Discordance: | |||||||
CYT vs. (GT-seq + OA) | 73 (7.70) | 1 (0.23) | 41 (4.32) | 18 (3.51) | 39 (8.97) | 14 (3.22) | 56 (5.91) |
(CYT + GT-seq) vs. OA | 0 (0) | 0 (0) | 43 (4.54) | 11 (2.14) | 31 (7.13) | 1 (0.23) | 19 (1.05) |
(CYT + OA) vs. GT-seq | 0 (0) | 0 (0) | 0 (0) | 1 (0.19) | 10 (2.30) | 0 (0) | 3 (0.32) |
Three-way | 0 (0) | 0 (0) | 0 (0) | 0 (0) | 3 (0.69) | 0 (0) | 0 (0) |
Specimens assayed by all 3 methods | 948 | 435 | 948 | 513 | 435 | 435 | 948 |
A strikingly high number of specimens had multilocus molecular genotypes inferred from both OA and GT-seq that agreed, but were jointly discordant with cytogenetics. Except for 2Rj with negligible discordance (and correspondingly low levels of polymorphism in our sample), the cytogenetic vs. multilocus molecular discordance affected from 14 to 73 mosquito specimens per inversion, representing 3–8% of the mosquito samples (mean, 5%).

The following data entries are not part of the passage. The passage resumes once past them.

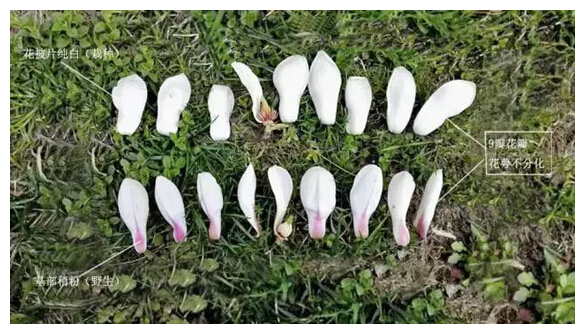 ▲白玉蘭:9瓣花瓣,花萼不分化,花被片純白為栽種型,基部稍粉為野生型。(圖片來(lái)源:網(wǎng)絡(luò ))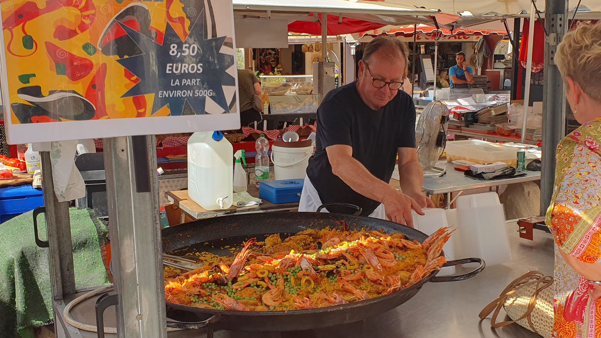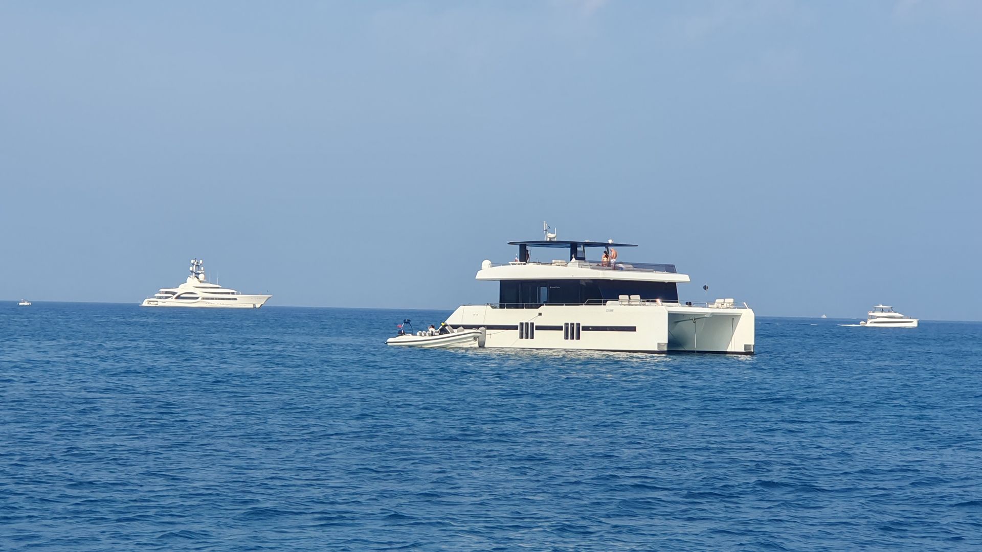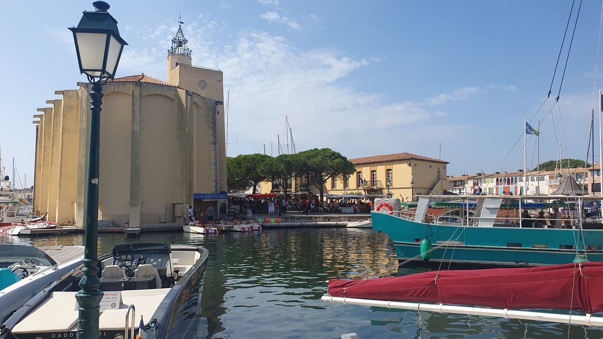 14.06.2025 bis 16.06.2025, Einfahrt in die Bucht vor Saint Tropez. Hier liegen riesige Yachten in Serie. Wir sind aber in die Bucht bis vor Port Grimand gefahren. Hier wollten wir abwettern. Da der Mistral-Wind immer noch heftig blies, bekamen auch wir Böen von 5 Bft ab, aber der Anker hielt. Nur der extreme Bootsverkehr und vor allen Dingen die Jetski, haben immer wieder für erhebliche Schwell gesorgt, so dass man tagsüber nicht zur Ruhe kommen konnte. Ein Ausflug nach Port Grimand hat sich auch gelohnt. Hier ist Frankreich. Es war dort Markt, mit vielen Spezialitäten. Würziger Käse, frische Baguette und leckeren Leberpastete, wurde mit an Bord genommen. Ferner hatten wir auch verschiedene Sorten an Tartelles (kleine herzhafte Törtchen) mitgenommen, die wir uns dann abends haben schmecken gelassen. Heftig war allerdings die Tagestemperatur von 36 Grad, der Spitzenwert lag später bei 40,6 Grad. Im kühlen Nass mussten wir uns abkühlen, Wassertemperatur 25 Grad.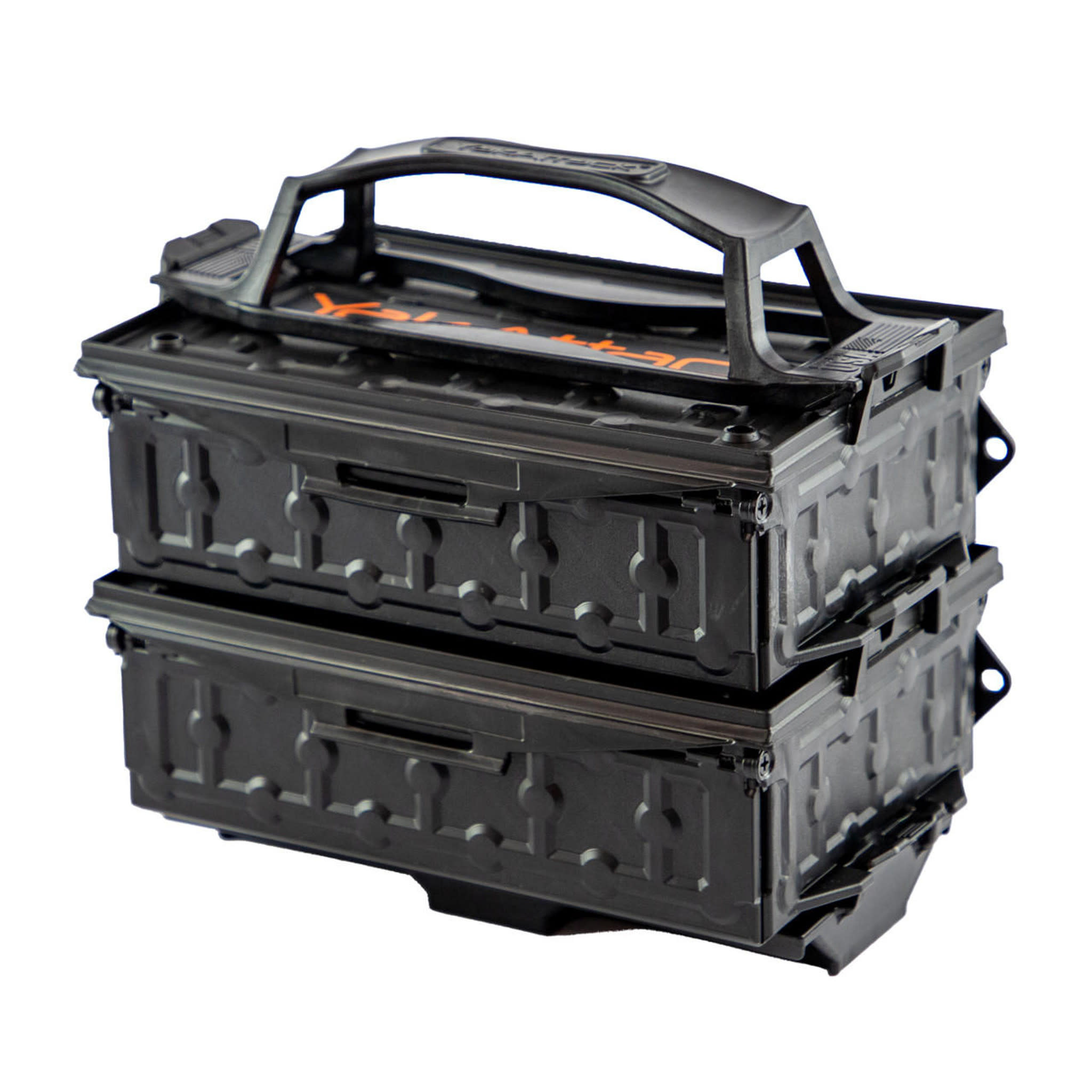 handle shown with several TracPak stackable storage boxes for fishing and kayak fishing

Although cytogenetic karyotyping may be considered the gold standard for inversion genotyping, two important considerations lend considerable confidence to molecular genotypes, particularly when both molecular approaches concur. First, while none of the tag SNPs are deterministic (i.e., none is perfectly and invariably correlated with inversion orientation), OA and GT-seq infer genotypes based on multiple predictive tags scored per inversion, thus providing weight of numbers. Second, the final set of tags used for OA and GT-seq are almost completely non-overlapping, an outcome produced by distinct filters imposed on the initial list of candidate tags during assay development (see Methods; Figure 3). Accordingly, agreement between both molecular methods is even stronger evidence in favor of the inferred molecular genotype than that provided by one or the other molecular method by itself. Table 2 shows that the two molecular methods agree at least 95% of the time (an average of 98%), except in the case of 2Rc in An. gambiae.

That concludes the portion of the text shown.